Comme l’a observé Howard Staunton, « dans les premiers âges des échecs, l’échiquier était simplement divisé en soixante-quatre cases, sans aucune différence de couleur ». Le quadrillage des cases était une innovation européenne, introduite au treizième siècle.
La convention selon laquelle les Blancs ont le premier coup est beaucoup plus récente que cela. François-André Danican Philidor, dans l’édition originale (1749) de son célèbre traité Analyse du jeu des Échecs, cite une partie dans laquelle les Noirs ont joué en premier. Johann Horny, dans un livre publié en Allemagne en 1824, écrit que les Noirs bougent en premier. Phillip Sergeant a écrit dans son livre A History of British Chess sur le grand Alexander McDonnell (1798-1835), dont on se souvient aujourd’hui pour sa série de matchs avec Labourdonnais :
Il préférait avoir les Noirs, comme premier joueur aussi bien que comme second… c’était une mode commune à son époque, qui a persisté chez un grand nombre de joueurs, comme le montre une étude de la Chronique des joueurs d’échecs et d’autres magazines.

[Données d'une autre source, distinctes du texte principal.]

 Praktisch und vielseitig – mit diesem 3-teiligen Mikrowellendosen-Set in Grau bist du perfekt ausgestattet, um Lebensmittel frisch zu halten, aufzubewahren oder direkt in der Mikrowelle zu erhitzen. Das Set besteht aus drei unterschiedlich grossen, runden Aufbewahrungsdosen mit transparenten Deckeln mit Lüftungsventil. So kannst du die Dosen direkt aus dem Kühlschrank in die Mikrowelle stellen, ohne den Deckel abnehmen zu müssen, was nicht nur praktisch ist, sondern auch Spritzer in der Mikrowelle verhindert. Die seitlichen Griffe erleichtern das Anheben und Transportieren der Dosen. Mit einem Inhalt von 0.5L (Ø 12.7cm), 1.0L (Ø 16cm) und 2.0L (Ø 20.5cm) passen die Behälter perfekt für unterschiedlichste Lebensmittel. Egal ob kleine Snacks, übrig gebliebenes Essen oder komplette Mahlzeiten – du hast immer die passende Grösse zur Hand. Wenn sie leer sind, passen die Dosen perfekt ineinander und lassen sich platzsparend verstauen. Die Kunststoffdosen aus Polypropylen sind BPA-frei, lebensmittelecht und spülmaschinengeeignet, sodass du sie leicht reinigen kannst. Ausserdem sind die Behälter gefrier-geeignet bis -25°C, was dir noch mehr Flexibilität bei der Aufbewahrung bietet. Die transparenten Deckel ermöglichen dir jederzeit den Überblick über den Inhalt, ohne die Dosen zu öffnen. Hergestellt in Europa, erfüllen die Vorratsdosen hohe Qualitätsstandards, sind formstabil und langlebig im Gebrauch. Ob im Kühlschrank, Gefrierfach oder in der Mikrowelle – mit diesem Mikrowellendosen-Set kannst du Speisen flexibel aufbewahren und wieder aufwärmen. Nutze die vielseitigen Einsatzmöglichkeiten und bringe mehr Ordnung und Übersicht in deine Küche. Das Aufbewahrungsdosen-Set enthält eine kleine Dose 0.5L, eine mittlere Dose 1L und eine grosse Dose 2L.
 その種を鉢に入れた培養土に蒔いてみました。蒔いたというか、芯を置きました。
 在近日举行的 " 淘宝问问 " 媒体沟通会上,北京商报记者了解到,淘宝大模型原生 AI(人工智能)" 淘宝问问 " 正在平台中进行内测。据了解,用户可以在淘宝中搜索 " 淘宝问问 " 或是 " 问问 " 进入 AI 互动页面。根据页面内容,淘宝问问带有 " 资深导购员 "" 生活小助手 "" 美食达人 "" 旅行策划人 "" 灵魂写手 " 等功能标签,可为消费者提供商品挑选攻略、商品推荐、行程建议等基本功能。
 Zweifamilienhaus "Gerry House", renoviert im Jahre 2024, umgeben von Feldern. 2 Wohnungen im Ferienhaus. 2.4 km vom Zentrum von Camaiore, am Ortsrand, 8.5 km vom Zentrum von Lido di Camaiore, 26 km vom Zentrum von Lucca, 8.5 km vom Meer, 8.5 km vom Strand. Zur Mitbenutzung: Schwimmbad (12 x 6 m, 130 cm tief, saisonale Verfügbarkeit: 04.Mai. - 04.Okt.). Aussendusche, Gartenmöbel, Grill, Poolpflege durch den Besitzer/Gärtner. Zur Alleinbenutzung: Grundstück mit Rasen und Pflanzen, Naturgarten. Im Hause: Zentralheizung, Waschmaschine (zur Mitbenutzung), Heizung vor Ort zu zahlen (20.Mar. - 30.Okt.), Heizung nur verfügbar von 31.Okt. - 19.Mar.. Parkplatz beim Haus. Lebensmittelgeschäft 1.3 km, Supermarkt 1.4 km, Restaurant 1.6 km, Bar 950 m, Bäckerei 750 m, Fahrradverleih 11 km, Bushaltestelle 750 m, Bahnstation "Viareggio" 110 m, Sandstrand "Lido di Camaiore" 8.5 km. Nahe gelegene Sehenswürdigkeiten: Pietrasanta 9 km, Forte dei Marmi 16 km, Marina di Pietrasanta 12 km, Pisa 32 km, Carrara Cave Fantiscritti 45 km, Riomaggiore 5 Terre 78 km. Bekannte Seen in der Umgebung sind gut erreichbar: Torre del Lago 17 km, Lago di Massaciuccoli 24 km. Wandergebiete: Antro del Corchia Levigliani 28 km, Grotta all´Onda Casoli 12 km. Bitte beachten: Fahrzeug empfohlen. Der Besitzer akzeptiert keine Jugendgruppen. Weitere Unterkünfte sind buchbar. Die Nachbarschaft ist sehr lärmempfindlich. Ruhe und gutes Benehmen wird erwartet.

Dans la partie immortelle (Anderssen-Kieseritzky, partie à main levée, Londres 1851), l’une des plus célèbres parties de l’histoire, Anderssen avait les pièces noires mais a bougé en premier. Il a également pris les pièces noires mais a bougé en premier dans les sixième, huitième et dixième parties de son célèbre match de 1858 contre Paul Morphy. Chacune de ces parties commençait par 1.a3 e5 2.c4, alors qu’Anderssen jouait effectivement la défense sicilienne avec un tempo supplémentaire.
Au milieu ou à la fin du 19e siècle, la pratique du déplacement des Blancs en premier n’était pas encore devenue standard. George Walker dans son traité populaire The Art of Chess-Play : A New Treatise on the Game of Chess (4e édition 1846), il énonce les règles du St. George’s Chess Club de Londres en juin 1841. La « Loi III » prévoyait que le joueur qui bougeait en premier avait le choix de la couleur ; si les joueurs jouaient plusieurs parties lors de la même séance, le premier coup serait alterné, mais chaque joueur continuerait à utiliser les mêmes pièces de couleur que lors de la première partie. Staunton observait en 1871 que « beaucoup de joueurs cultivent encore la stupide habitude de jouer exclusivement avec une seule couleur. »
Le 19 octobre 1857, M. Perrin, le secrétaire du New York Chess Club, informait les personnes réunies au premier congrès américain des échecs qu’il avait reçu une lettre de Johann Löwenthal, un grand maître anglais, « suggérant l’opportunité de toujours donner le premier coup dans les parties publiques, au joueur des pièces blanches ». Löwenthal écrit également que les clubs d’échecs de Londres ont adopté une nouvelle règle selon laquelle les Blancs jouent toujours en premier. Le club n’a manifestement pas suivi le conseil de Löwenthal, puisque dans son match de l’année suivante contre son homologue de Philadelphie, ce dernier a joué les Blancs dans les deux parties, mais n’a bougé en premier que dans la deuxième partie.
L’historien des échecs Robert John McCrary écrit que la plus ancienne règle qu’il ait trouvée exigeant que les Blancs bougent en premier est la règle 9 donnée à la page 126 du livre des tournois de New York, 1880, qui spécifiait : « Dans chaque tour, les joueurs auront alternativement le premier coup ; dans la première partie, il sera déterminé par le sort. Celui qui a le coup, dans tous les cas, doit jouer avec les pièces blanches. » McCrary observe:
Avant cela, il était progressivement devenu conventionnel, pendant un certain nombre d’années, de faire jouer les Blancs en premier dans les analyses publiées, et vers 1862 de faire jouer les Blancs en premier dans toutes les parties publiées. Mais il était évident que les joueurs pouvaient dans de nombreux cas choisir les Noirs lorsqu’ils avaient le premier coup, même si le score de la partie publiée indiquait que les Blancs avaient joué en premier.
Trois ans après l’exemple cité par McCrary, le « Code international des échecs révisé » publié lors du tournoi de Londres de 1883 (l’un des plus forts de l’histoire) prévoyait que le joueur qui gagnait par tirage au sort le droit de jouer en premier avait le choix de la couleur.
En 1889, Wilhelm Steinitz, le premier champion du monde, écrivait que « dans tous les matchs et tournois d’échecs internationaux et publics… il est de règle que le premier joueur ait les hommes blancs ». Emanuel Lasker, le deuxième champion du monde, a déclaré dans le Lasker’s Manual of Chess (publié pour la première fois en 1927) que « les Blancs jouent le premier coup ».